Take the data below and write it out exactly, except for the pictures.

Data shown:
-=-=-

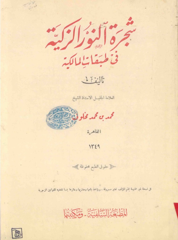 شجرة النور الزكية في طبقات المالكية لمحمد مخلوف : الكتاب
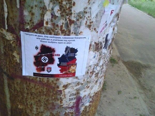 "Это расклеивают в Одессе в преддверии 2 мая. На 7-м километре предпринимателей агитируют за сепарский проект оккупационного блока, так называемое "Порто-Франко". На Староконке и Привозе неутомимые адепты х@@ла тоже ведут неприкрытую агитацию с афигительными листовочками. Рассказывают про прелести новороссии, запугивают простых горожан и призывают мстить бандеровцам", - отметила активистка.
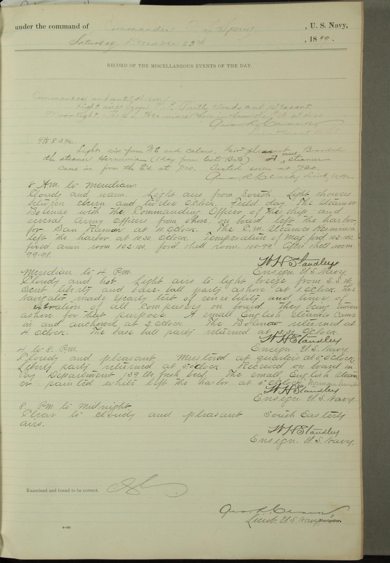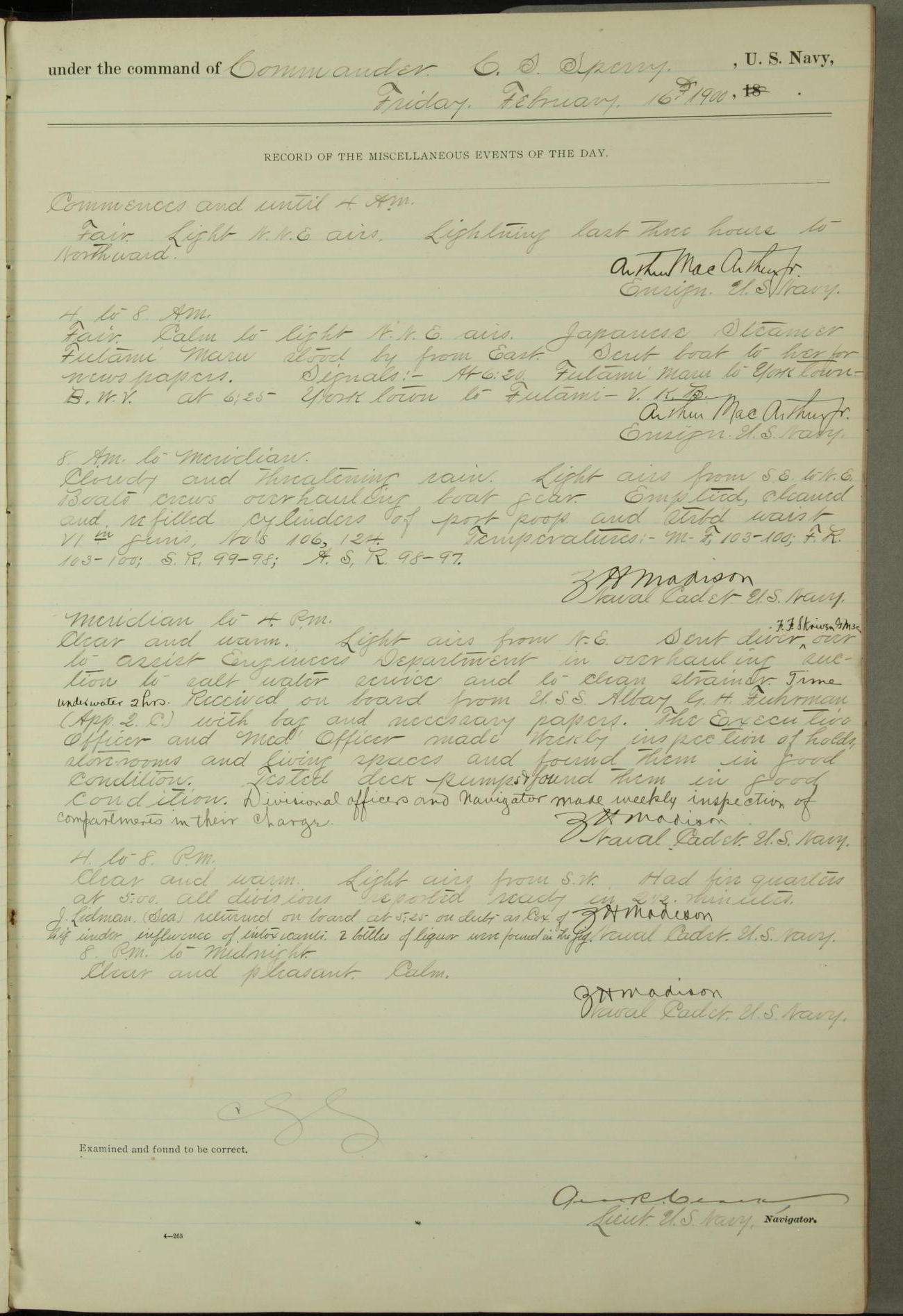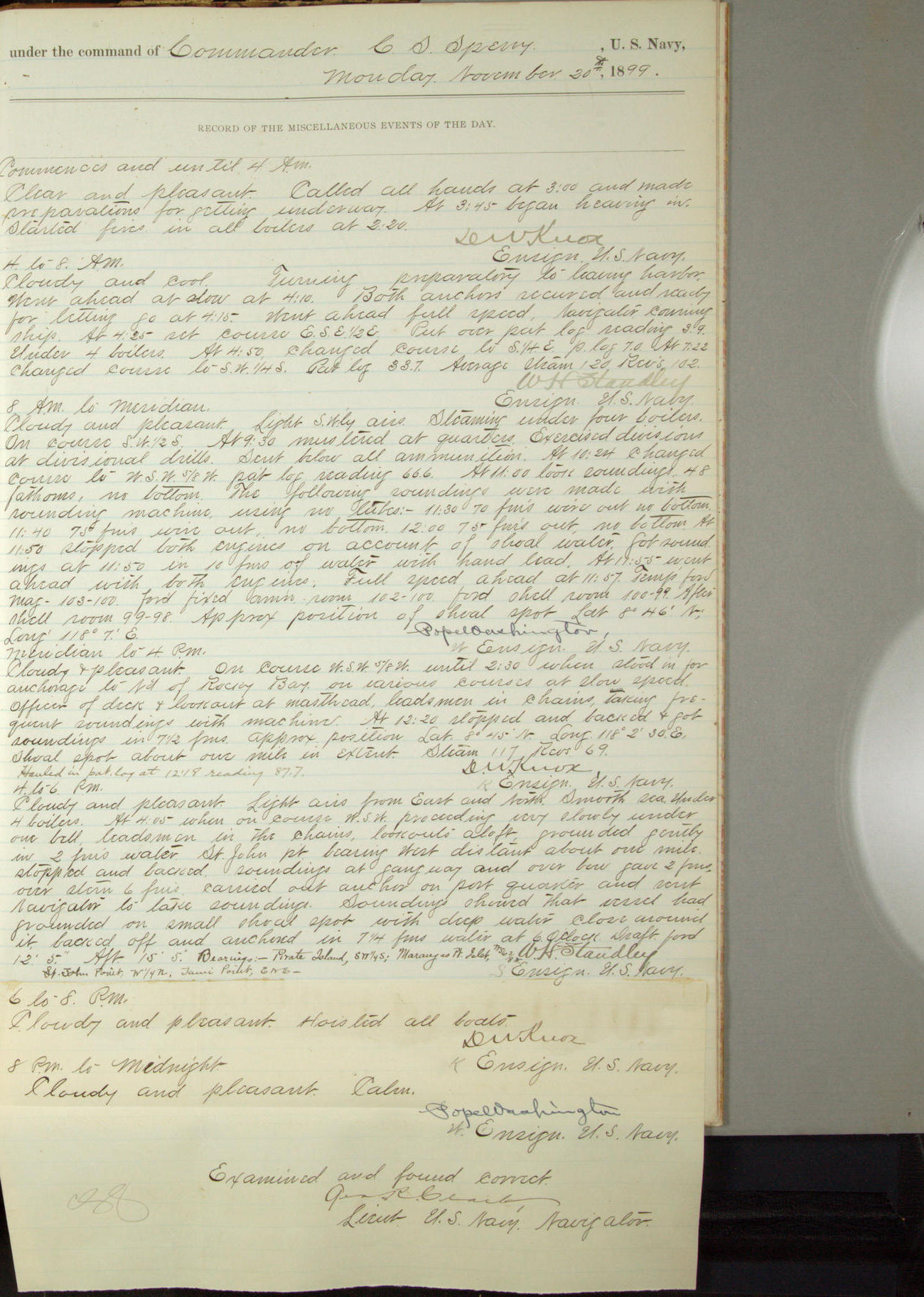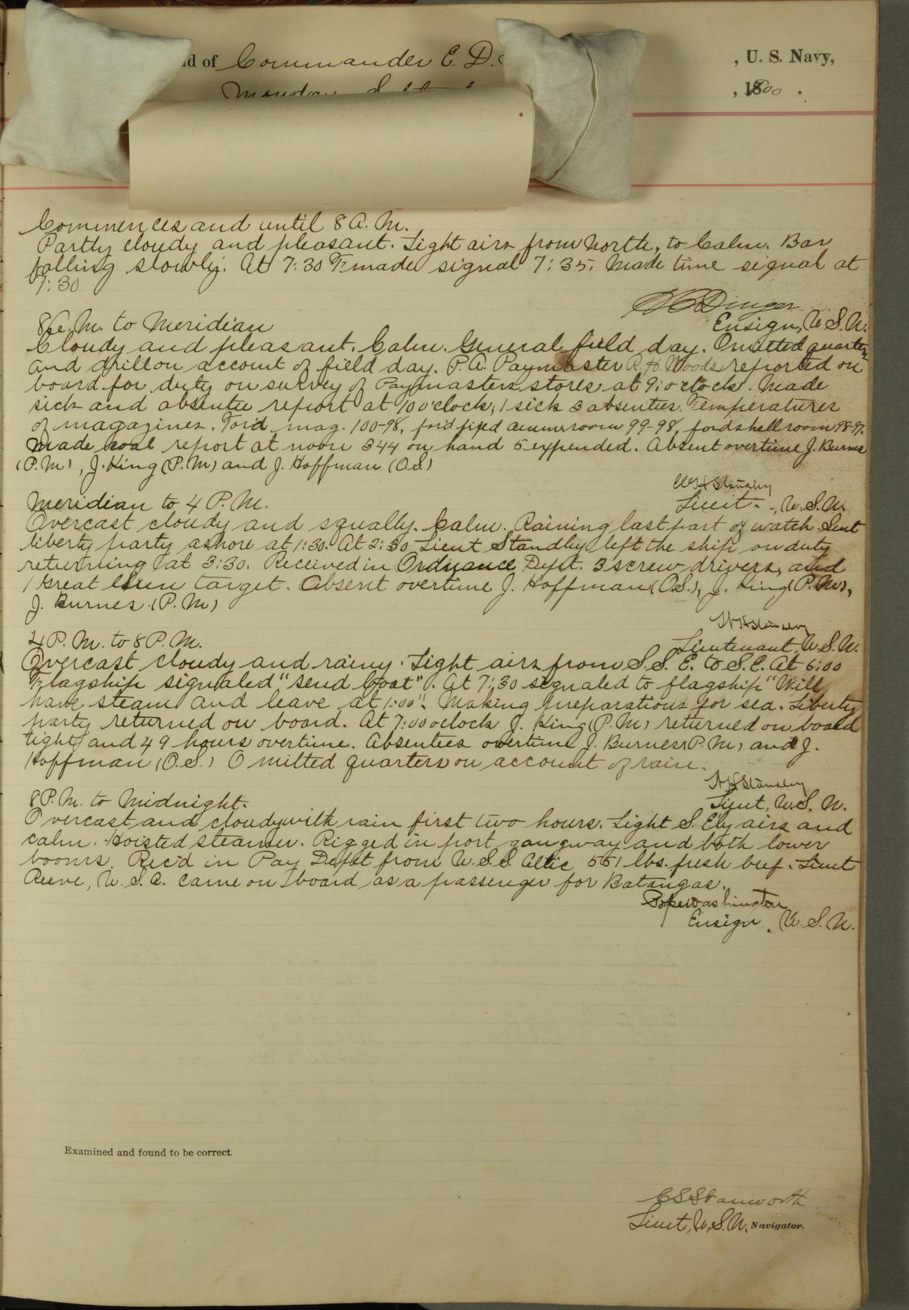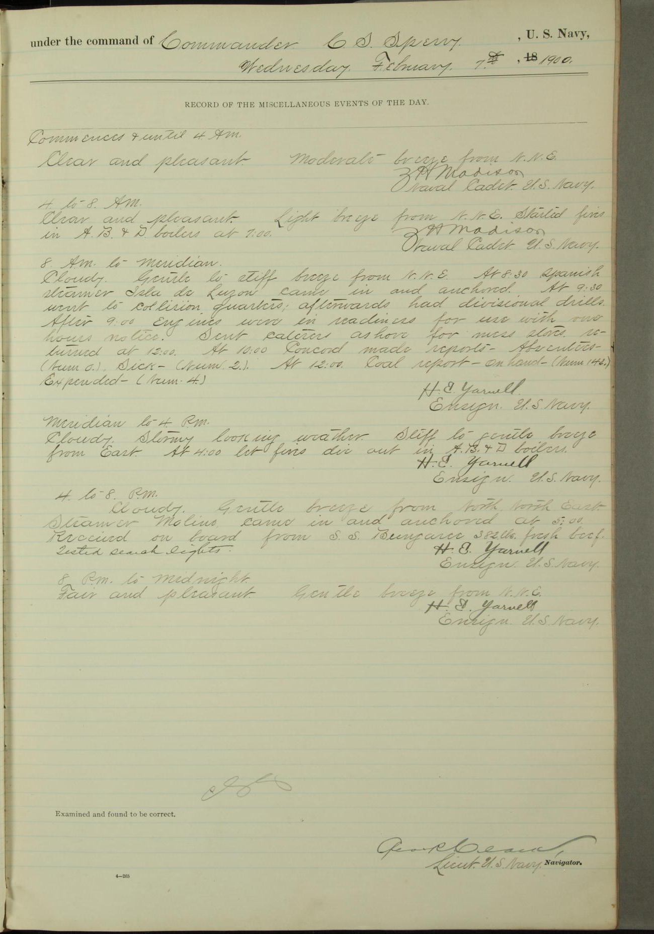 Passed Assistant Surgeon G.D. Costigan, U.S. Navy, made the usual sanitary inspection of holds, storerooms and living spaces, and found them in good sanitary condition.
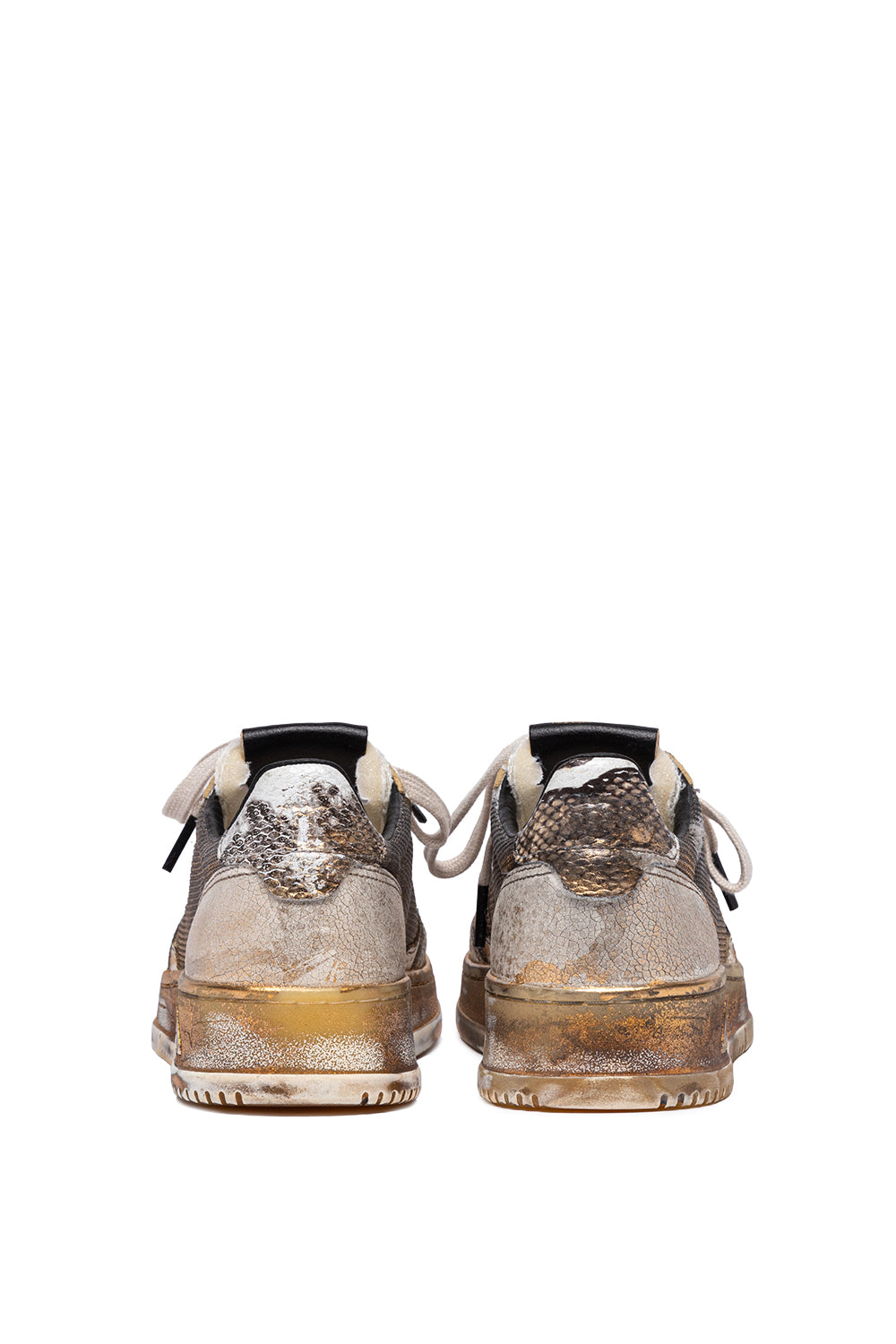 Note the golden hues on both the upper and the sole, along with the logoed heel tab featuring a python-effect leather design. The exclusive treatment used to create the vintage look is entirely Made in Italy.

-=-=-

Task solution:
 شجرة النور الزكية في طبقات المالكية لمحمد مخلوف : الكتاب
 "Это расклеивают в Одессе в преддверии 2 мая. На 7-м километре предпринимателей агитируют за сепарский проект оккупационного блока, так называемое "Порто-Франко". На Староконке и Привозе неутомимые адепты х@@ла тоже ведут неприкрытую агитацию с афигительными листовочками. Рассказывают про прелести новороссии, запугивают простых горожан и призывают мстить бандеровцам", - отметила активистка.
 Passed Assistant Surgeon G.D. Costigan, U.S. Navy, made the usual sanitary inspection of holds, storerooms and living spaces, and found them in good sanitary condition.
 Note the golden hues on both the upper and the sole, along with the logoed heel tab featuring a python-effect leather design. The exclusive treatment used to create the vintage look is entirely Made in Italy.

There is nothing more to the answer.